5. **Multicollinearity:** The independent variables should not be highly correlated with each other. This means that the independent variables should not be too similar to each other, as this can cause the model to be unstable.

If any of these assumptions are not met, then the results of the linear regression model may be unreliable.

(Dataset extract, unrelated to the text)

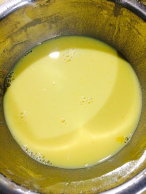蛋黄打散,缓缓倒入牛奶中,搅拌均匀(我这里用的是50克左右的蛋蛋)

Here are some ways to check for these assumptions:

* **Linearity:** You can plot the residuals against the predicted values to see if there is any discernible pattern. You can also use a statistical test, such as the Durbin-Watson test, to formally test for linearity.
* **Homoscedasticity:** You can plot the residuals against the independent variable to see if the variance of the residuals is constant. You can also use a statistical test, such as the Breusch-Pagan test, to formally test for homoscedasticity.
* **Normality:** You can plot the residuals on a histogram to see if they are normally distributed. You can also use a statistical test, such as the Shapiro-Wilk test, to formally test for normality.
* **Independence:** You can use a statistical test, such as the Durbin-Watson test, to formally test for independence.
* **Multicollinearity:** You can use a statistical measure, such as the variance inflation factor (VIF), to assess the level of multicollinearity in the model.

If any of these assumptions are not met, then you may need to transform the data, remove outliers, or use a different regression model.